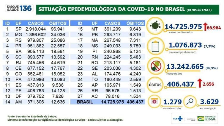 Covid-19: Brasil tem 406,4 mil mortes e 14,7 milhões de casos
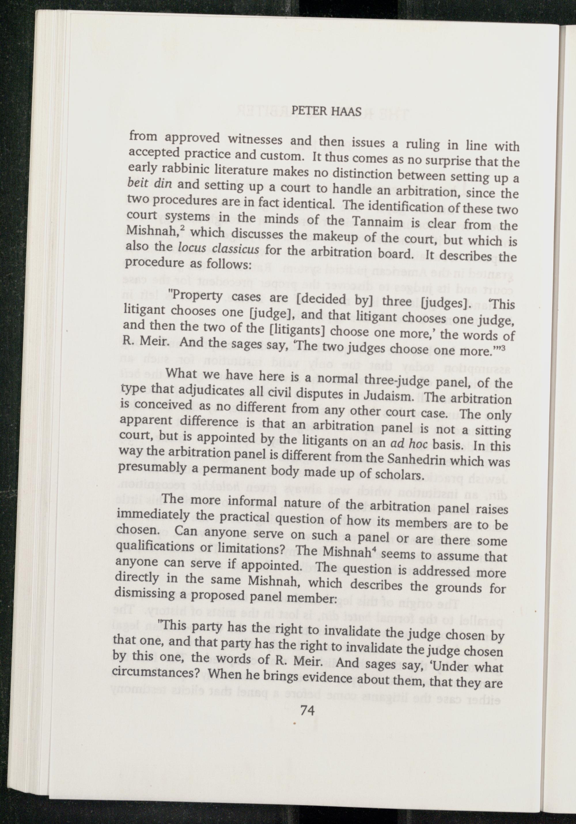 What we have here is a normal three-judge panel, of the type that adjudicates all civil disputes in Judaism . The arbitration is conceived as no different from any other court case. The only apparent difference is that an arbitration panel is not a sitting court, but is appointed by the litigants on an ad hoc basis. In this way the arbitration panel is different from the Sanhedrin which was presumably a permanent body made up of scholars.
---
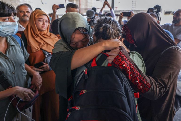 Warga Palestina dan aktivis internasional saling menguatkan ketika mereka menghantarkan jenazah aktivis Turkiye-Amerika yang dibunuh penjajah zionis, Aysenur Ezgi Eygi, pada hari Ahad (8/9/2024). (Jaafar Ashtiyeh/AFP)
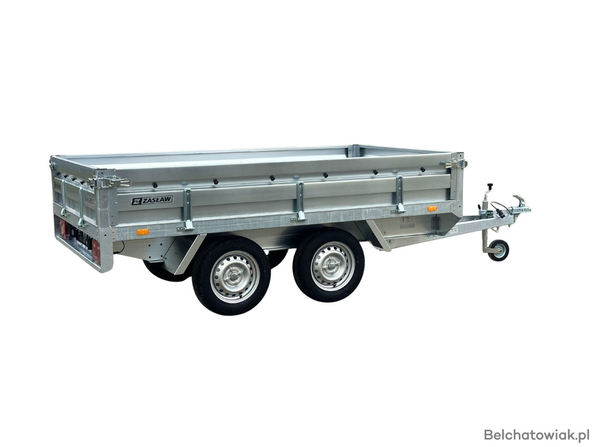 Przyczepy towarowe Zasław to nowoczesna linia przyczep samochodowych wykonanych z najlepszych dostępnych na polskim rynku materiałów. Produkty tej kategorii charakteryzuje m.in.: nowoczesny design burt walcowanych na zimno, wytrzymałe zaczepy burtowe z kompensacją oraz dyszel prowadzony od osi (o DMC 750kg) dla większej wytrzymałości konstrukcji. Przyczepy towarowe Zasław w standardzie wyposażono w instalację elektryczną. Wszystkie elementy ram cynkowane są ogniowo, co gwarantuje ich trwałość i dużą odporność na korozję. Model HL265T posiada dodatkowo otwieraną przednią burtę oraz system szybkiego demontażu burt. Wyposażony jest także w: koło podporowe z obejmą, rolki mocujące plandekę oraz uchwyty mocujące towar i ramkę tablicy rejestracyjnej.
--
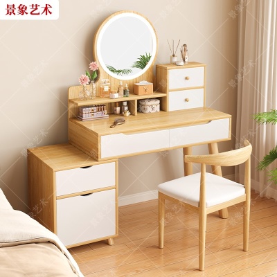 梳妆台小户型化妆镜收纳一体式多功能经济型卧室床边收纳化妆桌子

Aim of the exercise: Only one stretch of the material above is wanted: the line containing "Covid-19: Brasil tem" through the line containing "What we have". Restate it word for word, minus the pictures.

Response below:
 Covid-19: Brasil tem 406,4 mil mortes e 14,7 milhões de casos
 What we have here is a normal three-judge panel, of the type that adjudicates all civil disputes in Judaism . The arbitration is conceived as no different from any other court case. The only apparent difference is that an arbitration panel is not a sitting court, but is appointed by the litigants on an ad hoc basis. In this way the arbitration panel is different from the Sanhedrin which was presumably a permanent body made up of scholars.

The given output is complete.